Johannes Ockeghem was just such an oltremontano, having been born in Belgium close to the northern border of France.

Johannes Ockeghem (circa 1410-1497)

“Born circa 1410, died 1497.”  Back in the fifteenth century, if someone became famous – and at the time of his death, Johannes Ockeghem was famous across Europe – their death date was (and remains) common knowledge.  But for people born in the fifteenth century (and earlier), birth dates and early accounts of their lives before they became famous, well, that’s a different matter entirely.  Generally, we know next to nothing about the birth dates and early lives of ordinary people born in the fifteenth century and before, and that includes Johannes Ockeghem.  In fact, we’re not even sure how he spelled his name.  We use “Ockeghem” today because that spelling came from a document – now lost – in which he supposedly signed his name using that spelling.  But other spellings of his name include Ogkegum, Okchem, Hocquegam, and Ockegham.

Here’s some stuff we do know.  

Johannes Ockeghem was considered by his contemporaries, as he is considered today, to be – along with Guillaume DuFay (circa 1397-1474), Antoine Busnois (circa 1430-1492), and Josquin Desprez (circa 1450-1521) – the greatest and most influential composer of the fifteenth century.  

(For those of us who may not be familiar with the names of the oltremontani Ockeghem, DuFay, Busnois, and Desprez, I would be so bold as to suggest that they were equivalent, in their time, to the Vienna-based quartet of Haydn, Mozart, Beethoven, and Schubert. 

In terms of these Renaissance composers’ talent and impact on the history of Western music, I am not exaggerating.)

For reason’s already explained, we know nothing about Ockeghem’s early life.  Like most composers of his time, he almost certainly started his musical life as a church chorister, likely in the city of Mons, a few miles east of his hometown of Saint-Ghislain.

The first documentary mention of Ockeghem’s activity as a musician date to June, 1443, when he is listed as being among the chanteurs – the singers – at the Church of Our Lady, in Antwerp. His initial fame was, indeed, as a singer: he was a basso and was reputed to have a rich, flexible, and unerringly accurate voice.  
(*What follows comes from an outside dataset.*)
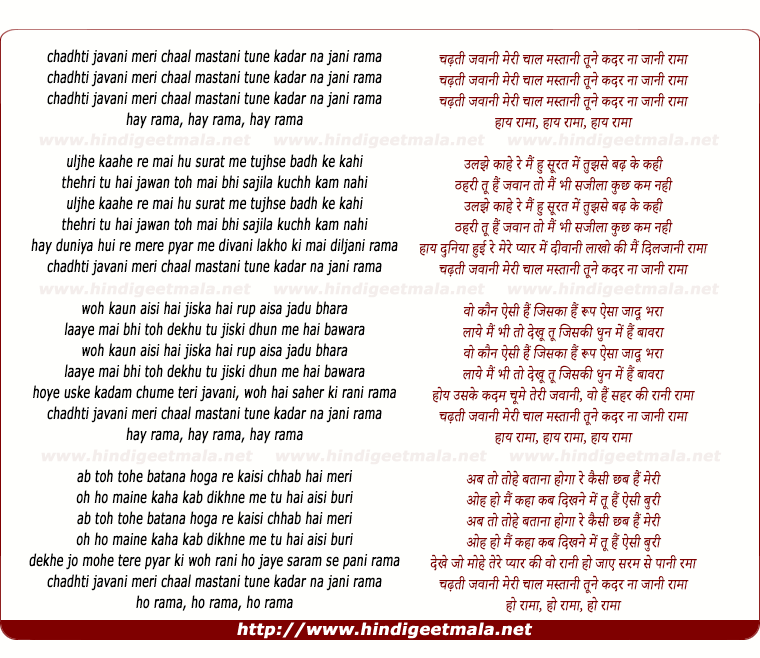 chadhti javani meri chaal mastani tune kadar na jani rama

He was described by the people that knew him, including the famed humanist Erasmus, as being:

“exceptionally engaging: honest, virtuous, kind, generous, charitable, and pious.” 

Ockeghem’s friend, the cleric Francesco Florio (1428-1484) described him this way in the 1470s:

“I am sure you could not dislike this man, so pleasing is the beauty of his person, so noteworthy the sobriety of his speech and of his morals, and his graciousness. He alone of all the singers is free from vice and abounding in all virtues.”

Okay: combine a brilliant singer and composer with physical beauty, a great attitude, and a long life and you have the prescription for success.